Is it okay to block Googlebot?

I saw lots - thousands - of very suspicious queries to my website’s /search endpoint, and was surprised that Cloudflare appeared to be letting a fake Googlebot access my site. But then I was even more surprised to see that it really was Google! Here’s an example (some are much worse: online pharmacy, etc):

Query string
?q=v++%EC%97%91%EC%8A%A4%ED%84%B0%EC%8B%9C%ED%8C%9D%EB%8B%88%EB%8B%A4%E3%80%8A%ED%85%94%EB%A0%88%EA%B7%B8%EB%9E%A8saggasi%E3%80%8B%EC%97%AC%EC%84%B1%ED%9D%A5%EB%B6%84%EC%A0%9C%E3%88%A7%EB%8B%A4%ED%81%AC%EC%9B%B9%EC%9E%91%EB%8C%80%EA%B8%B0%ED%8C%90%EB%A7%A4%EA%96%B8%EC%BC%80%ED%83%80%EB%AF%BC%EB%93%9C%EB%9E%8D%EA%95%A8%EC%97%91%EC%8A%A4%ED%84%B0%EC%8B%9C%ED%8C%90%EB%A7%A4
User agent
Mozilla/5.0 (Linux; Android 6.0.1; Nexus 5X Build/MMB29P) AppleWebKit/537.36 (KHTML, like Gecko) Chrome/91.0.4472.90 Mobile Safari/537.36 (compatible; Googlebot/2.1; +http://www.google.com/bot.html)
IP address
66.249.66.12
ASN
AS15169 GOOGLE
Country
United States

Here’s another one using Path, also Googlebot:

Path

/search/%EC%98%A4%ED%94%BC%EB%9E%9C%EB%93%9C%E3%80%90oplove2.com%E3%80%91OP%EC%82%AC%EC%9D%B4%ED%8A%B8%E3%8B%88%EB%B0%A4%EC%9D%98%EC%A0%84%EC%9F%81%C2%B7%EB%B0%A4%EC%A0%84%E2%A7%84%EC%97%AC%ED%83%91%E1%8D%98%EB%A7%88%EC%82%AC%EB%8D%B0%EC%9D%B4

Query string

Empty query string

I should add that query strings can not naturally arise though use of my site. Queries are POSTed to my server, but “q” is a variable that can be made to produce results. If you’re a hacker…
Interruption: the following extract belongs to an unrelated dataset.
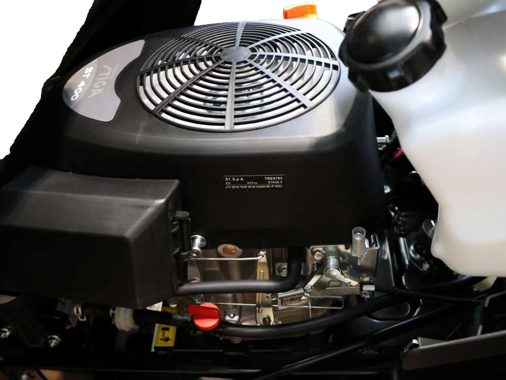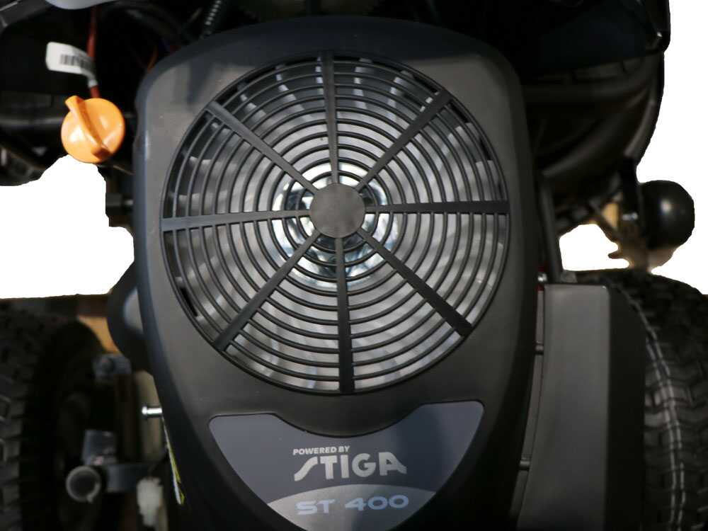 El tractor cortacésped está equipado con un motor Stiga ST 400 de 414 cc, potente y de bajas emisiones, para un rendimiento equilibrado e impecable. Adecuado para superficies de corte hasta 5000 m2.

It hadn’t ever occurred to me to disallow /search in robots.txt and now I have done that. Also, I respond with a soft 406 error - “Not Acceptable” - if you attempt to add your own “q” .

Meanwhile, I continue to use a Firewall rule to issue a JS Challenge against this type of search, and will continue to catch Googlebot until it rereads my robots.txt.

Is this the correct way to handle this case?

1 Like

Googlebot might find those URLs if someone posted a link to those somewhere else - on your site or discussion forums, etc.

Adding those paths to robots and blocking the script from Googlebot is ok in this case.

2 Likes

That’s what I guessed about the origin of the URLs - I’ve caught over 6,000 so far though, that’s a crazy list of links for Google to follow. Our site is legit, there’d never be links like that, and no results for those queries either!

It feels odd to be blocking Google… thanks for the confirmation.

1 Like

This topic was automatically closed 3 days after the last reply. New replies are no longer allowed.